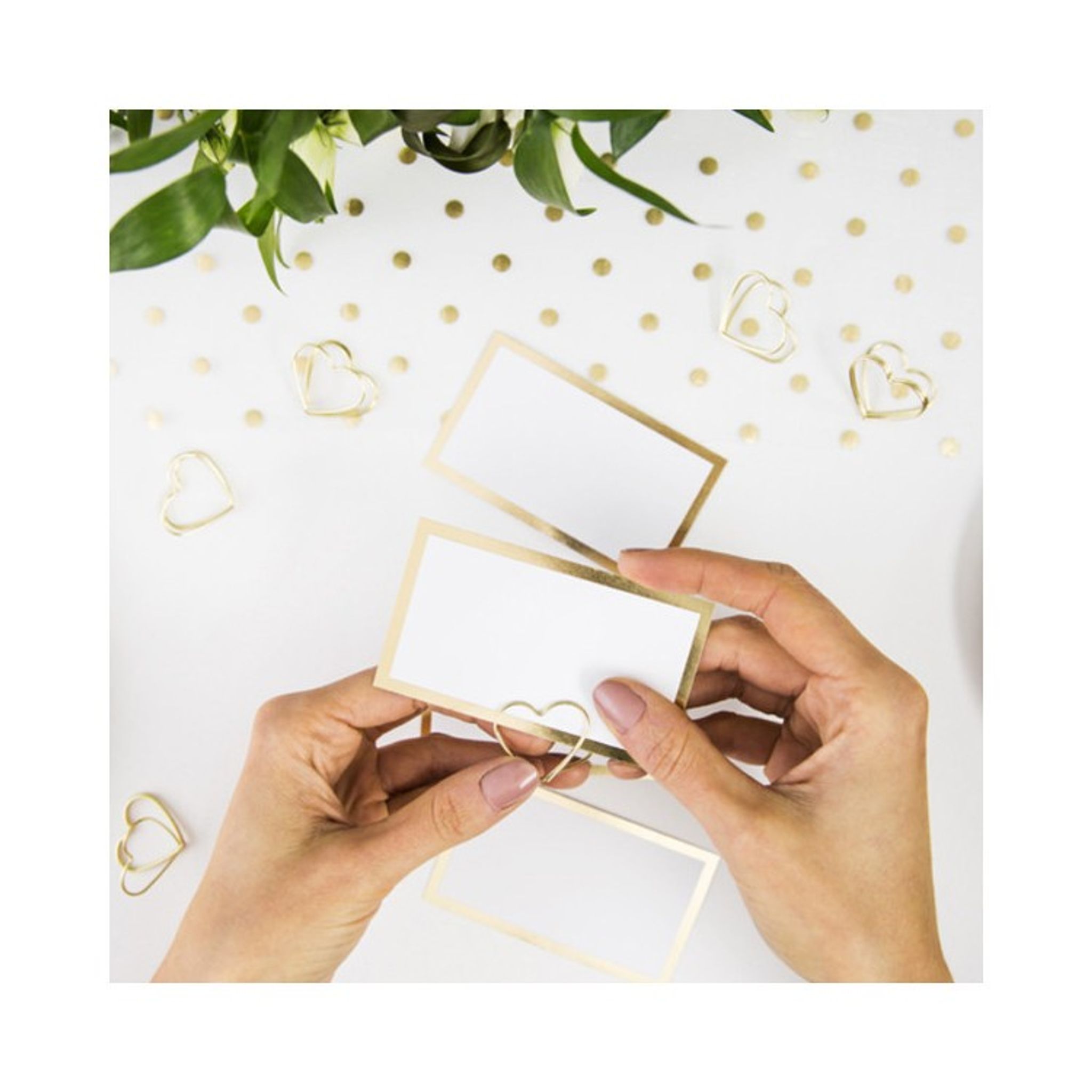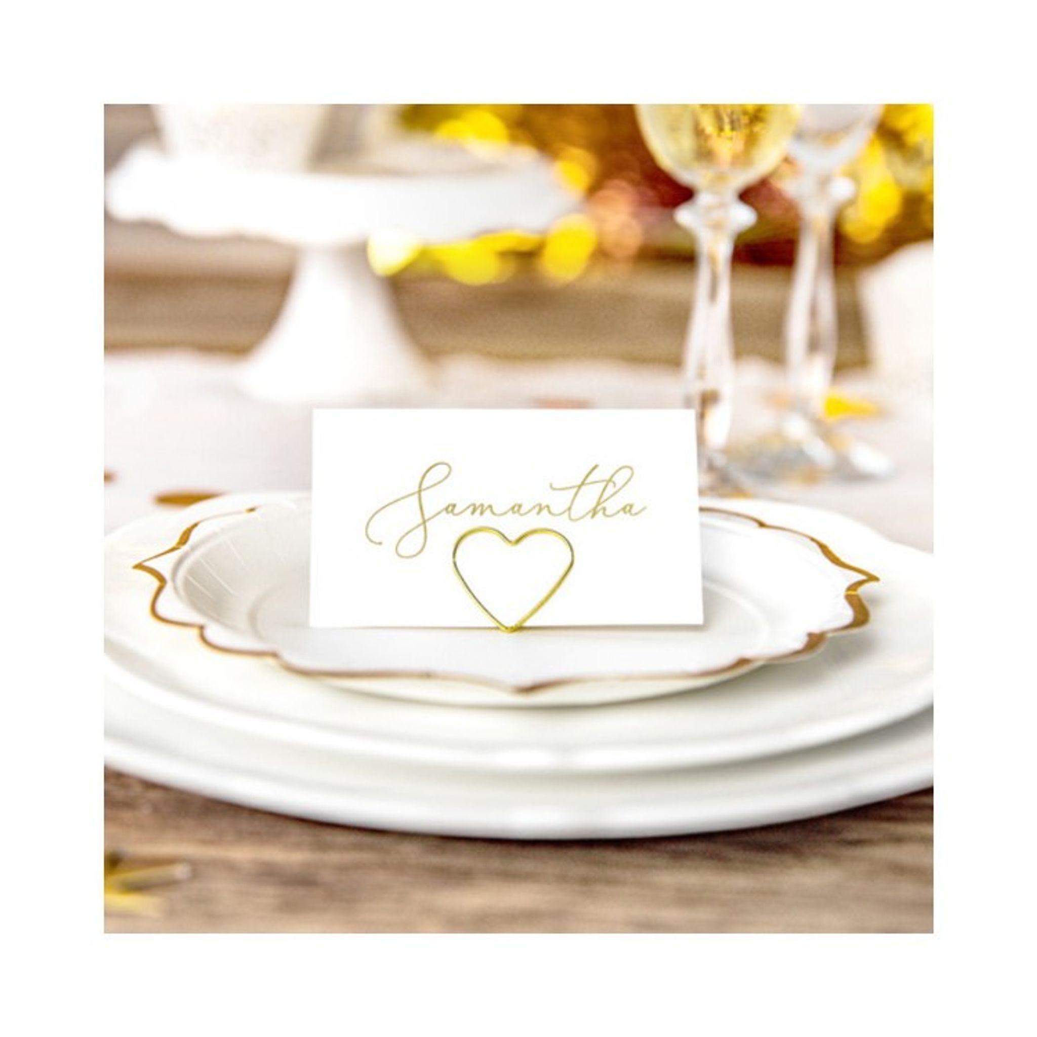 Söta små hjärtan i guld att sätta placeringskorten i för en snygg och exklusiv dukning. Använd korthållare för bröllop, dop och andra festliga tillfällen när du väljer att ha bordsplacering.
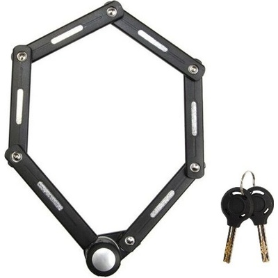 Bezpečnostní lamelový skládací zámek je zvlášť odolný a určený pro kolo. Lamely o síle 6 mm a délce 690 mm se skládají z ocelových plátů (3,4 mm) a plastových pouzder (2,6 mm)....
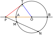 By the power-of-a-point theorem, the product of lengths PM · PN for any ray PMN equals to the square of PT, the length of the tangent line segment (red).
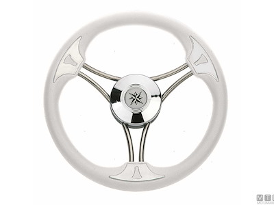 VOLANTE TARGA BIANCO POLIURETANO E ACCIAIO INOX D350MM
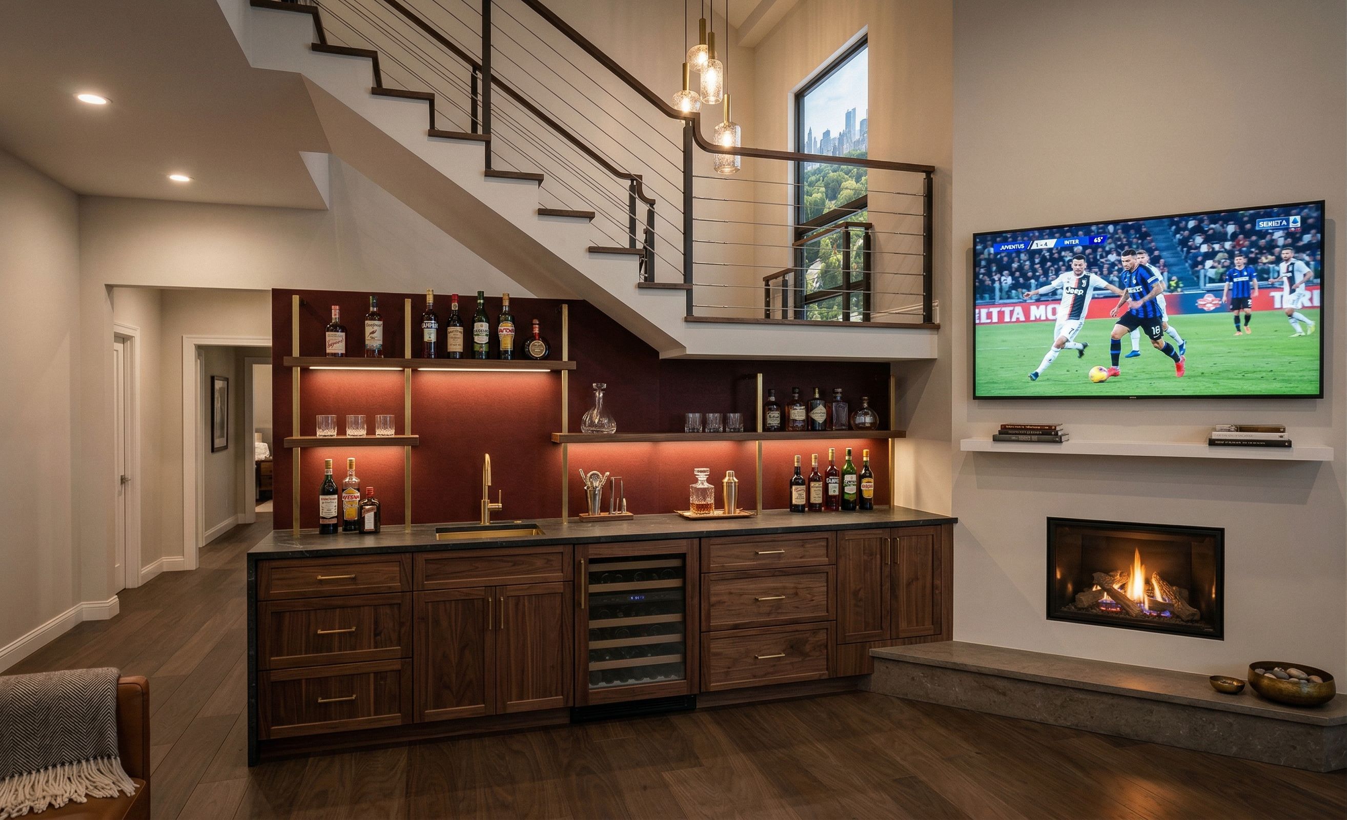 Promptmake photorealistic rendering from this image add wet bar under the stairs next to fireplace as indicated by red area, design it so the fireplace and wet bar are connected fireplace is direct vent gas fireplace, show fireplace on burning TV above the fireplace is playing Italian soccer game lights on in the room add light fixtures where appropriate , keep exact camera angle
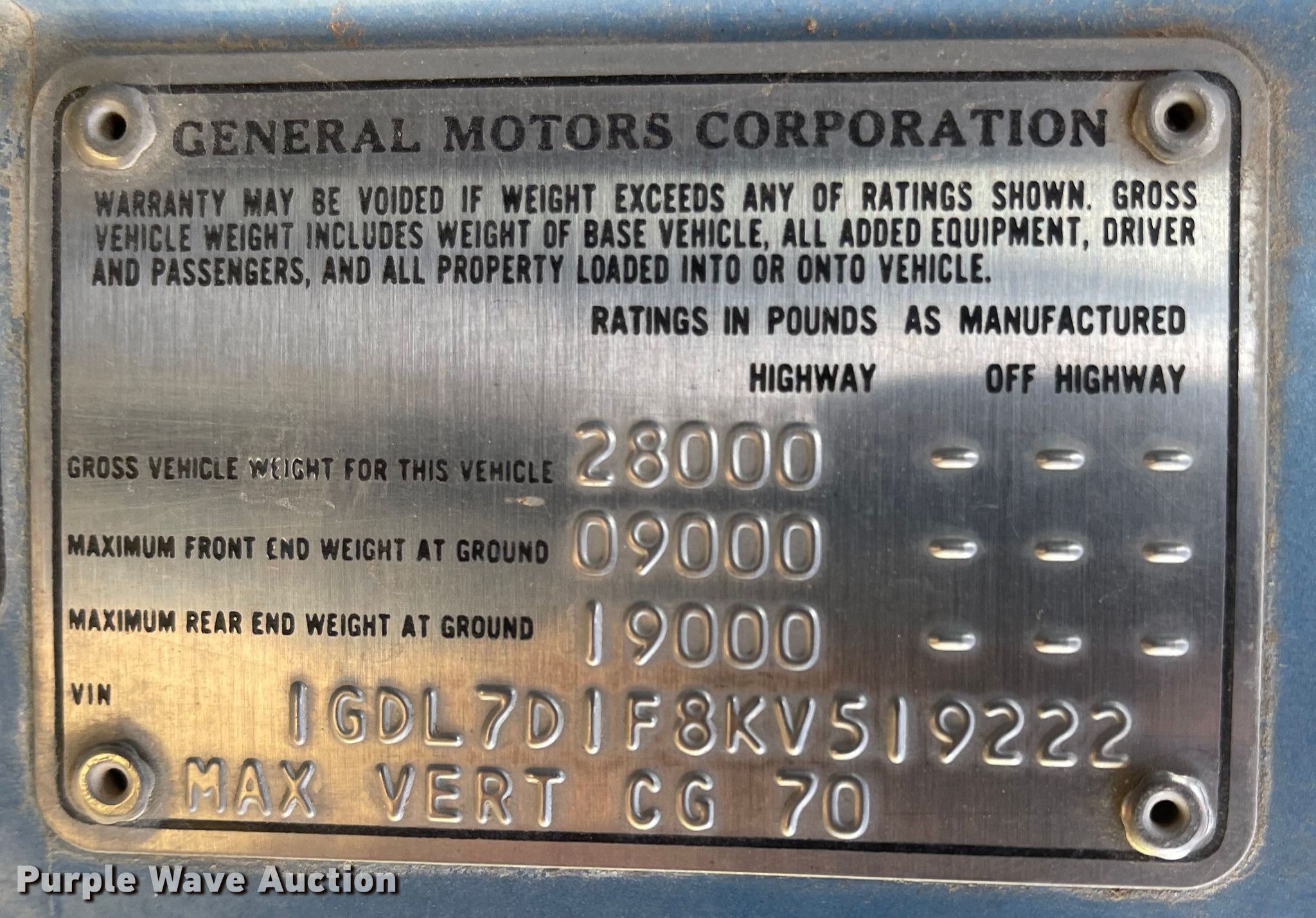 - VIN: 1GDL7D1F8KV519222
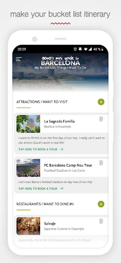 Explore the lively Catalan city of Barcelona with Go To Travel Guides' Pocket Guide To Barcelona. Create a personalised bucket list itinerary of all the special things you want to do in the city. Our essential information, best things to do, top restaurants and nightlife suggestions are all available offline!
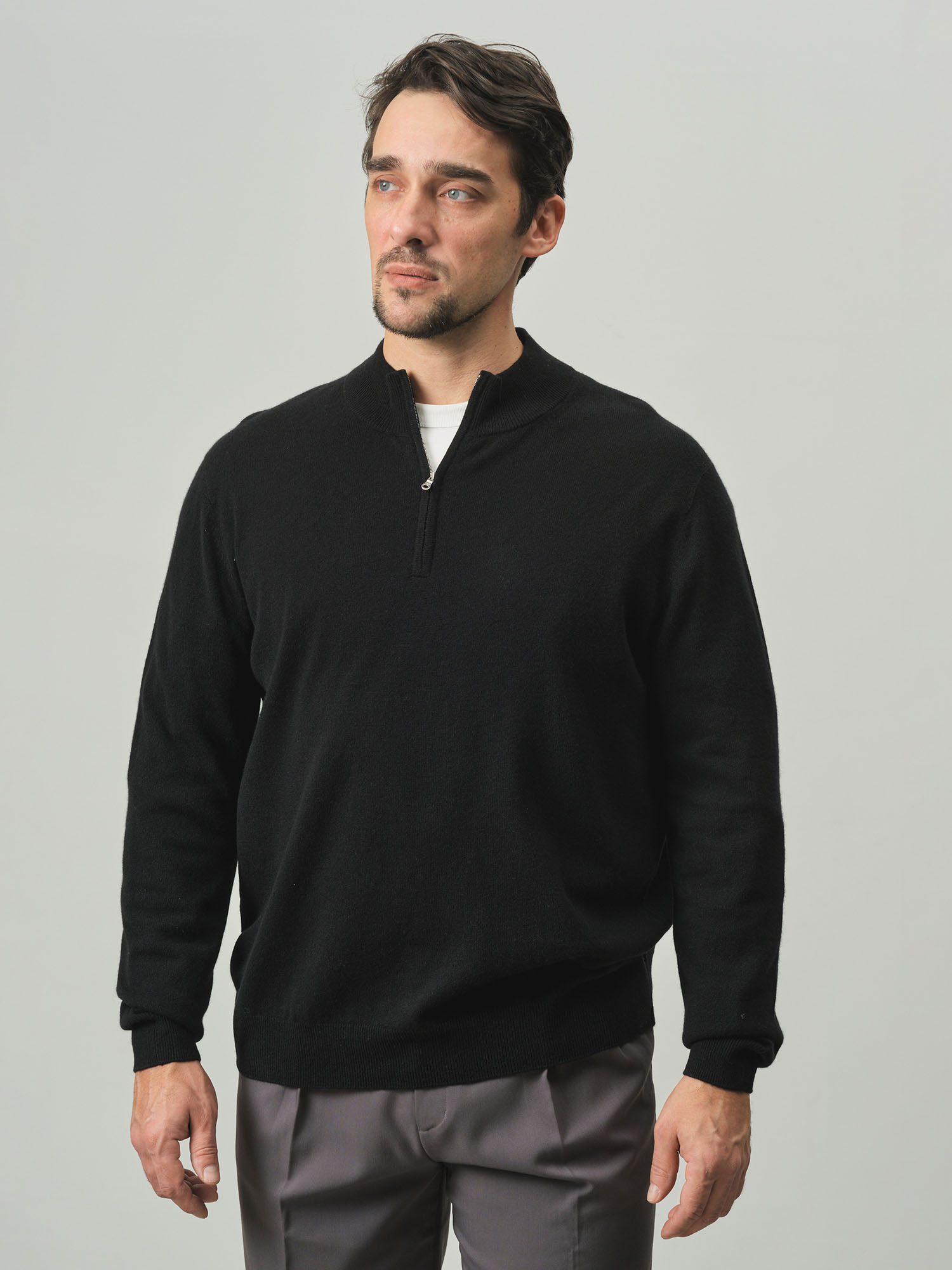 Мужской джемпер из кашемира с воротником на молнии — универсальная модель, сочетающая минимализм, комфорт и практичность. Подходит для повседневного и делового гардероба.
┄┄┄┄┄┄┄┄┄┄┄┄┄┄┄┄┄┄┄┄
◆ Required action ◆
In the listing above, find the line with "By the power-of-a-point" and the line with "VOLANTE TARGA BIANCO". Copy exactly those lines and all between them, minus the images.

◆ Result ◆
 By the power-of-a-point theorem, the product of lengths PM · PN for any ray PMN equals to the square of PT, the length of the tangent line segment (red).
 VOLANTE TARGA BIANCO POLIURETANO E ACCIAIO INOX D350MM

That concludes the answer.